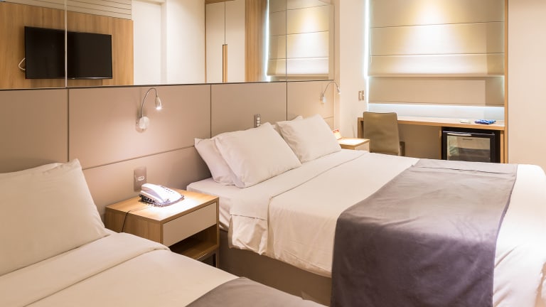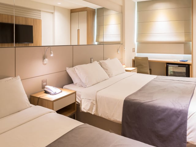 Die 150 klimatisierten Zimmer im Hotel Atlântico Travel sind komfortabel eingerichtet und verfügen über Annehmlichkeiten wie eine Minibar und einen Flachbildfernseher. Kostenloses WLAN steht zur Verfügung und die Badezimmer sind mit Duschen, kostenlosen Toilettenartikeln und Haartrocknern ausgestattet. Telefon, Safe und Schreibtisch sind ebenfalls vorhanden.
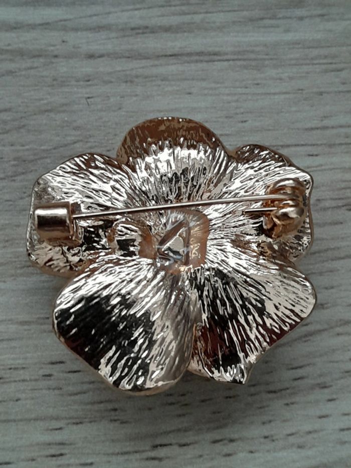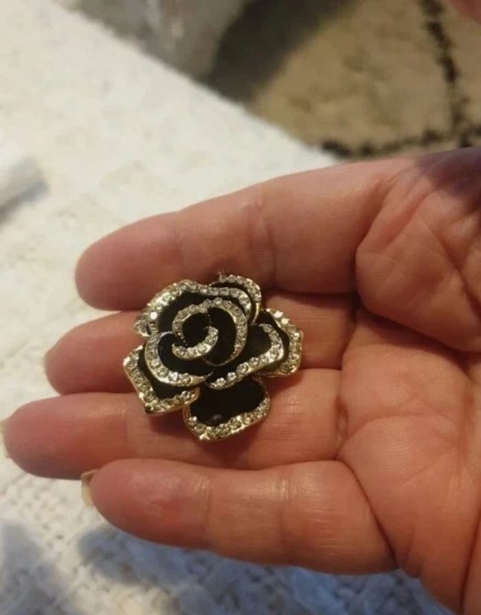 Broche fleur de Camélia couleur noire et dorée, strass - photo numéro 4
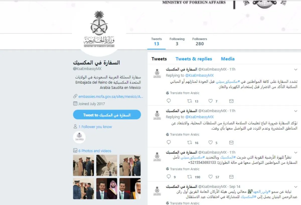 بعد الهزة الأرضية القوية التي ضربت المكسيك، وتحديداً العاصمة مكسيكو سيتي، نشرت السفارة السعودية في المكسيك رقماً ليتواصل السعوديون عبره معها في حالة الطوارئ، وهو 5215543693133+.
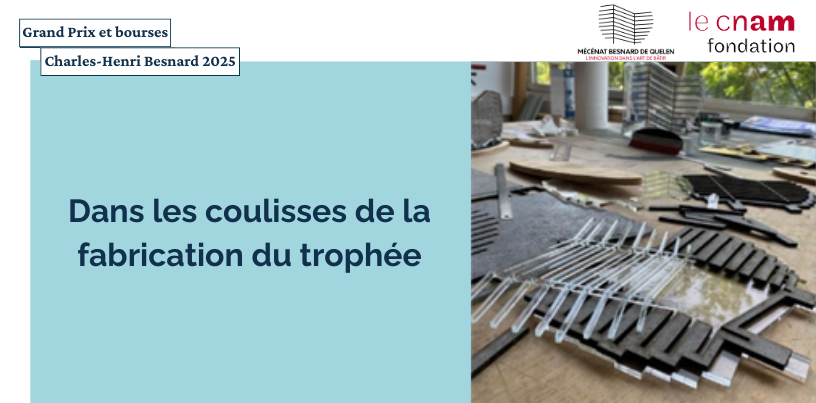 Dans les coulisses de la création du trophée 2025 du Grand Prix Charles-Henri Besnard, innover dans l’art de bâtir : les compétences professionnelles des apprentis du Cnam mises à l’honneur18 juin 2025Le 2 juin 2025, la Fondation du Cnam a célébré l’innovation dans l’art du bâtir en remettant le Grand Prix et les Bourses Charles Henri Besnard au Conservatoire national des arts et métiers, en présence de Bénédicte Fauvarque-Cosson, Laure Lavorel et Jean-Sébastien Villefort. Le Grand Prix 2025 a été décerné à Marc Dib, fondateur de NEOLITIK, qui a reçu un trophée symbolisant la rencontre des talents et savoir-faire au Cnam. -

About this task: Where images occur in the data above, leave them out and repeat everything else exactly.

Expected output:
 Die 150 klimatisierten Zimmer im Hotel Atlântico Travel sind komfortabel eingerichtet und verfügen über Annehmlichkeiten wie eine Minibar und einen Flachbildfernseher. Kostenloses WLAN steht zur Verfügung und die Badezimmer sind mit Duschen, kostenlosen Toilettenartikeln und Haartrocknern ausgestattet. Telefon, Safe und Schreibtisch sind ebenfalls vorhanden.
 Broche fleur de Camélia couleur noire et dorée, strass - photo numéro 4
 بعد الهزة الأرضية القوية التي ضربت المكسيك، وتحديداً العاصمة مكسيكو سيتي، نشرت السفارة السعودية في المكسيك رقماً ليتواصل السعوديون عبره معها في حالة الطوارئ، وهو 5215543693133+.
 Dans les coulisses de la création du trophée 2025 du Grand Prix Charles-Henri Besnard, innover dans l’art de bâtir : les compétences professionnelles des apprentis du Cnam mises à l’honneur18 juin 2025Le 2 juin 2025, la Fondation du Cnam a célébré l’innovation dans l’art du bâtir en remettant le Grand Prix et les Bourses Charles Henri Besnard au Conservatoire national des arts et métiers, en présence de Bénédicte Fauvarque-Cosson, Laure Lavorel et Jean-Sébastien Villefort. Le Grand Prix 2025 a été décerné à Marc Dib, fondateur de NEOLITIK, qui a reçu un trophée symbolisant la rencontre des talents et savoir-faire au Cnam. -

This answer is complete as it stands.